There are various forms of activity that are described as user involvement. There are also a multitude of means by which user involvement is undertaken. There are significant issues in practicing effective user involvement.
The involvement of people who use services in evaluating and improving services is now common practice. There is general agreement that user involvement of this kind is fundamental to service improvement. In large parts of the public sector, including the NHS, such involvement is required. Regulatory bodies expect that user involvement is practiced within some services.
Other forms of involvement have also developed in the drugs field. This has meant that people are not only involved in service evaluation and improvement of the services they are using. People who have personal experience of problem substance use (see lived experience) can be involved in the design, commissioning, management and delivery of services and in the development of wider service provision and the development of policy.
This has led to various contested areas:
Who can be involved? Apart from people currently using services, the user involvement activity described above may, for some, also include;
- people who have who have previously used the service but no longer use it. This may include people who no longer require the service. There is an issue here surely of the currency of their knowledge of the service.

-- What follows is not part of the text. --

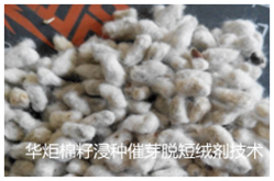 华炬新产品研究所技术咨询委员会科研人员现推荐一项棉籽浸种催芽脱短绒剂技术配方,该技术产品的使用首先可以有效地防止棉花苗病害,棉花出苗后到现蕾,这段时间还很幼嫩,抗逆性较差。再加这时的气候很不稳定,就极易染病害,如炭疽病、立枯病以及检疫性的枯萎病和黄萎病等,种子上的短绒也是重要的传播者,如果将种子外面的短绒脱去,在短绒里的病菌就无处蔵身,连同短绒一起被消灭了,还可以杀死躲在种子内部的病菌;其次就是提高播种质量,棉籽表面由于有短纹,常使好些棉籽牵连在一起,不利于人工或机械播种,经脱绒后种皮光滑,颗颗分开,能有效地防止缺苗、断垄或塔饼花;再次可以提高繁育指数,本来棉籽短绒的表面带有蜡质,影响棉籽的吸水速度,特别在遇到干早天气时,常造成出苗参差不齐,长势弱,脱绒时,蜡质也同时脱去,土壤与棉籽能紧密接触,大大加快了棉籽的吸水速度,保证了苗全苗壮,该技术产品成本低,方法简单快捷,现将该棉籽浸种催芽脱短绒剂技术配方介绍如下供研究参考:(211241 421337)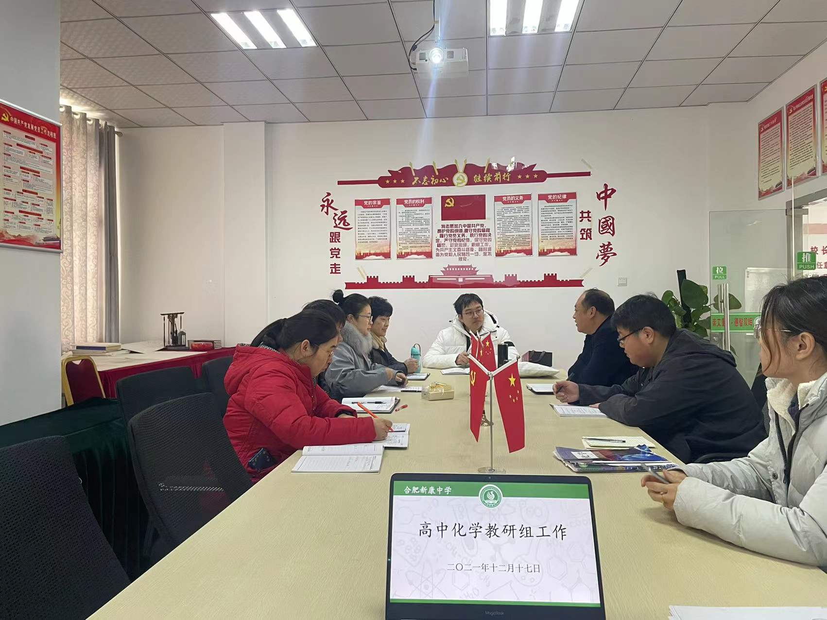 李美丽老师代表合肥新康中学高中化学组汇报了本学期的化学组工作,鹿钰锋主任对我校化学组工作进行指导。抱团取暖,一个人走的快,一群人走的远,相信在合肥市包河区化学教研员鹿钰锋主任、合肥市戈益超名师工作室和包河区王磊高中化学名师工作室的引领下,我校高中部化学组全体教师的教学水平一定会不断提高。

If they are ‘graduates’ of the service their experiences may be untypical – have they benefitted or been failed by the service? Is this experience representative? Have they a perspective now which is not the perspective they had at the time they were engaged with the service and, perhaps, the general perspective of people at the time they use the service? Are they representative of the people using the service now?
- people who are not using a service but would be eligible and would perhaps benefit from using the service. This work may develop insight as to why services are inaccessible or unacceptable for some people.
- People excluded from current service provision.
There is also contestation of the methodologies of user involvement.
Should people be invited and supported into existing decision-making processes – meetings involving professionals and have ‘a seat at the table’. How are people supported to do this and what are the real power dynamics in the status of people around that table? How representative of people using services are such ‘users’? In professionalising their input, do they become less representative?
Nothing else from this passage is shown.